Please include the following items when submitting your revised manuscript:

  • A rebuttal letter that responds to each point raised by the academic editor and reviewer(s). You should upload this letter as a separate file labeled 'Response to Reviewers'.

  • A marked-up copy of your manuscript that highlights changes made to the original version. You should upload this as a separate file labeled 'Revised Manuscript with Track Changes'.

  • An unmarked version of your revised paper without tracked changes. You should upload this as a separate file labeled 'Manuscript'.

If you would like to make changes to your financial disclosure, please include your updated statement in your cover letter. Guidelines for resubmitting your figure files are available below the reviewer comments at the end of this letter.

If applicable, we recommend that you deposit your laboratory protocols in protocols.io to enhance the reproducibility of your results. Protocols.io assigns your protocol its own identifier (DOI) so that it can be cited independently in the future. For instructions see: http://journals.plos.org/plosone/s/submission-guidelines#loc-laboratory-protocols

We look forward to receiving your revised manuscript.

Kind regards,

Aleksandar R. Zivkovic

Academic Editor

PLOS ONE

Journal requirements:

When submitting your revision, we need you to address these additional requirements.

1. Please ensure that your manuscript meets PLOS ONE's style requirements, including those for file naming. The PLOS ONE style templates can be found at

https://journals.plos.org/plosone/s/file?id=wjVg/PLOSOne_formatting_sample_main_body.pdf and

https://journals.plos.org/plosone/s/file?id=ba62/PLOSOne_formatting_sample_title_authors_affiliations.pdf

2. Please note that there appears to be a discrepancy in the number of participants, variously given as n=2094 and n=2062.

3. Please provide additional details regarding participant consent. In the ethics statement in the Methods and online submission information, please ensure that you have specified what type you obtained (for instance, written or verbal, and if verbal, how it was documented and witnessed). If your study included minors, state whether you obtained consent from parents or guardians. If the need for consent was waived by the ethics committee, please include this information.

4.We note that you have indicated that data from this study are available upon request. PLOS only allows data to be available upon request if there are legal or ethical restrictions on sharing data publicly. For information on unacceptable data access restrictions, please see http://journals.plos.org/plosone/s/data-availability#loc-unacceptable-data-access-restrictions.

In your revised cover letter, please address the following prompts:

a) If there are ethical or legal restrictions on sharing a de-identified data set, please explain them in detail (e.g., data contain potentially identifying or sensitive patient information) and who has imposed them (e.g., an ethics committee). Please also provide contact information for a data access committee, ethics committee, or other institutional body to which data requests may be sent.

b) If there are no restrictions, please upload the minimal anonymized data set necessary to replicate your study findings as either Supporting Information files or to a stable, public repository and provide us with the relevant URLs, DOIs, or accession numbers. Please see http://www.bmj.com/content/340/bmj.c181.long for guidelines on how to de-identify and prepare clinical data for publication. For a list of acceptable repositories, please see http://journals.plos.org/plosone/s/data-availability#loc-recommended-repositories.

We will update your Data Availability statement on your behalf to reflect the information you provide.

5.Thank you for stating the following in your Competing Interests section: 

[None ].

Please complete your Competing Interests on the online submission form to state any Competing Interests.

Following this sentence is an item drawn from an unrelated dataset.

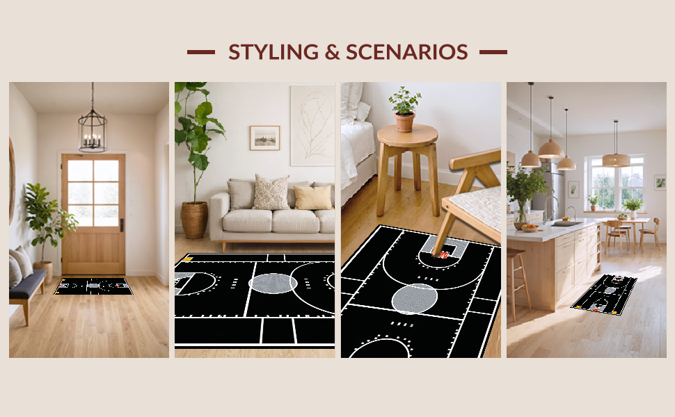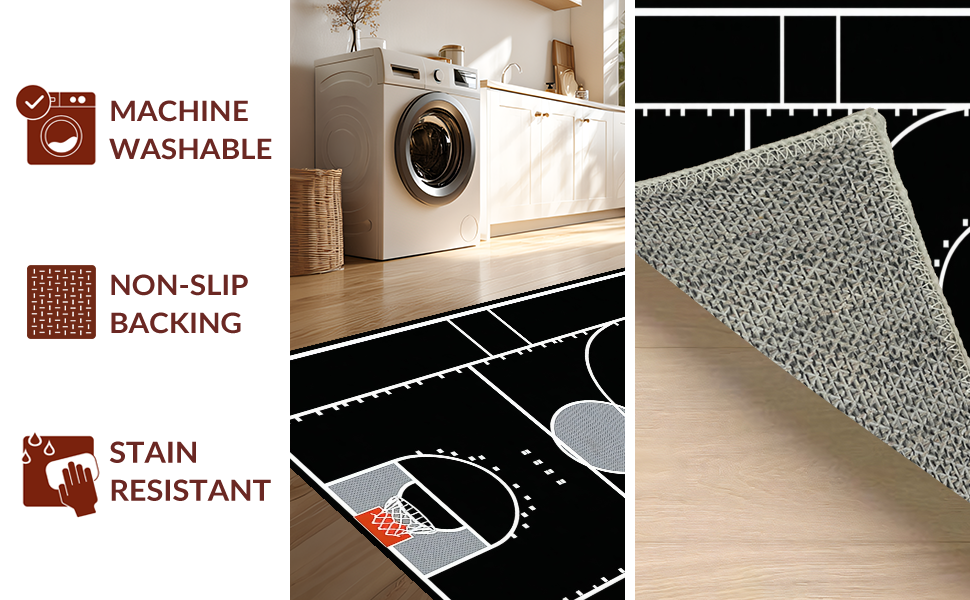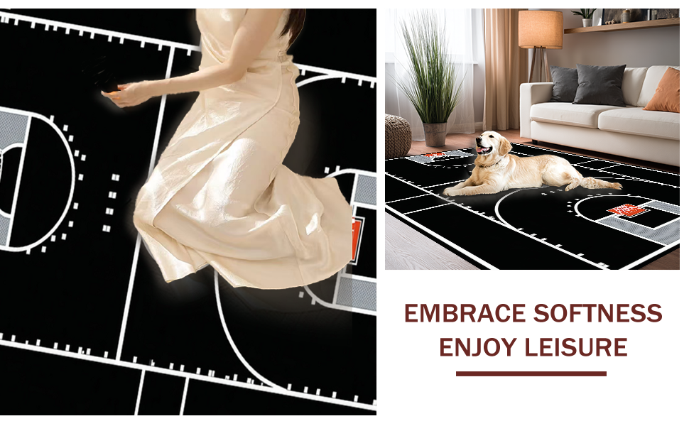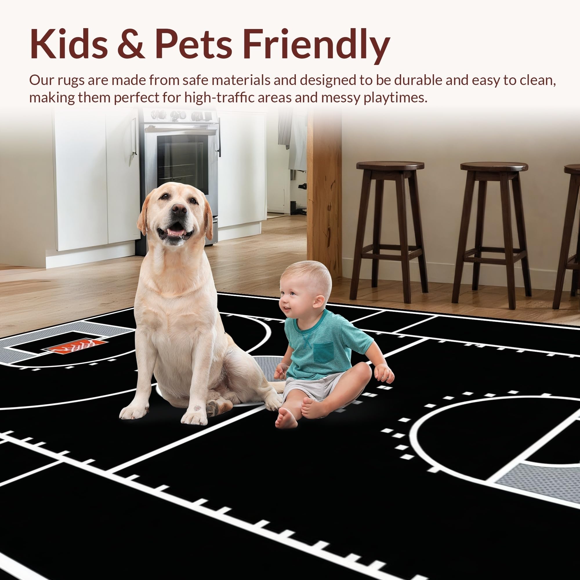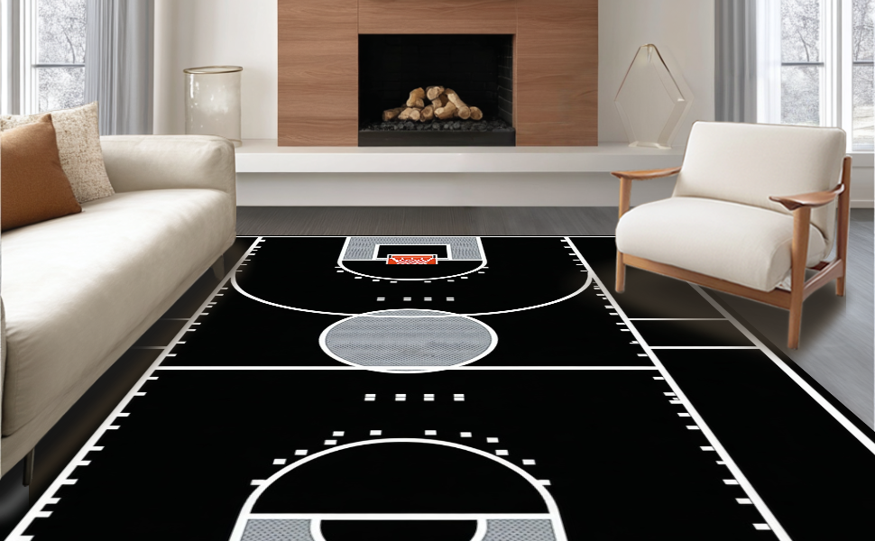 Ultra Soft Area Rug, Non Slip, Stain Resistant, Washable Area Rugs for Living Room, Bedroom, Playful Graphic Court Layout(Black) Overview:

If you have no competing interests, please state "The authors have declared that no competing interests exist.", as detailed online in our guide for authors at http://journals.plos.org/plosone/s/submit-now

 This information should be included in your cover letter; we will change the online submission form on your behalf.

Please know it is PLOS ONE policy for corresponding authors to declare, on behalf of all authors, all potential competing interests for the purposes of transparency. PLOS defines a competing interest as anything that interferes with, or could reasonably be perceived as interfering with, the full and objective presentation, peer review, editorial decision-making, or publication of research or non-research articles submitted to one of the journals. Competing interests can be financial or non-financial, professional, or personal. Competing interests can arise in relationship to an organization or another person. Please follow this link to our website for more details on competing interests: http://journals.plos.org/plosone/s/competing-interests

6. One of the noted authors is a group or consortium [IRIS collaborators.]. In addition to naming the author group, please list the individual authors and affiliations within this group in the acknowledgments section of your manuscript. Please also indicate clearly a lead author for this group along with a contact email address.

7. Your ethics statement should only appear in the Methods section of your manuscript. If your ethics statement is written in any section besides the Methods, please delete it from any other section.

8. Please ensure that you refer to Figure 1 in your text as, if accepted, production will need this reference to link the reader to the figure.

[Note: HTML markup is below. Please do not edit.]

Reviewers' comments:

Reviewer #1: Congratulations for your research. This is an extensive work and the authors should be commended for this. This article will interest many readers. However, there are some minor comments in order to improve the presentation of this article.

- As excluded criteria of the study you report only the age and the length of stay in the ICU. Do you mean that in your dataset are included pregnant or burned patients and patients with the diagnosis of brain death or end-stage malignacy patients? The above case-mix are excluded from the majority of studies and scoring systems. It is not suprising then that the model has a poor calibration. The fact that the above patients are not excluded from the initial dataset is a disadvantage of the method. You should add a discussion about this in the manuscript.

- As you described in detail the AUROC values that indicate the descrimination, you should describe as well the values that indicate wheather the calibration is good or poor. (line 158)

-Line 224. Replace "By" with "by". Also in lines 223-227 there is a long sentence without any comma.

- Of course you need a further investigation in larger dataset in order to generalize the scoring system, but next time it would be better if you perform a prospective study, in order to minimize the missing data and to increase the accuracy of the validation.

Reviewer #2: This paper presents the validation of a new risk prediction model, termed e-Tropics, in a new data set. The results indicated that while the model discriminated well, the calibration was poor.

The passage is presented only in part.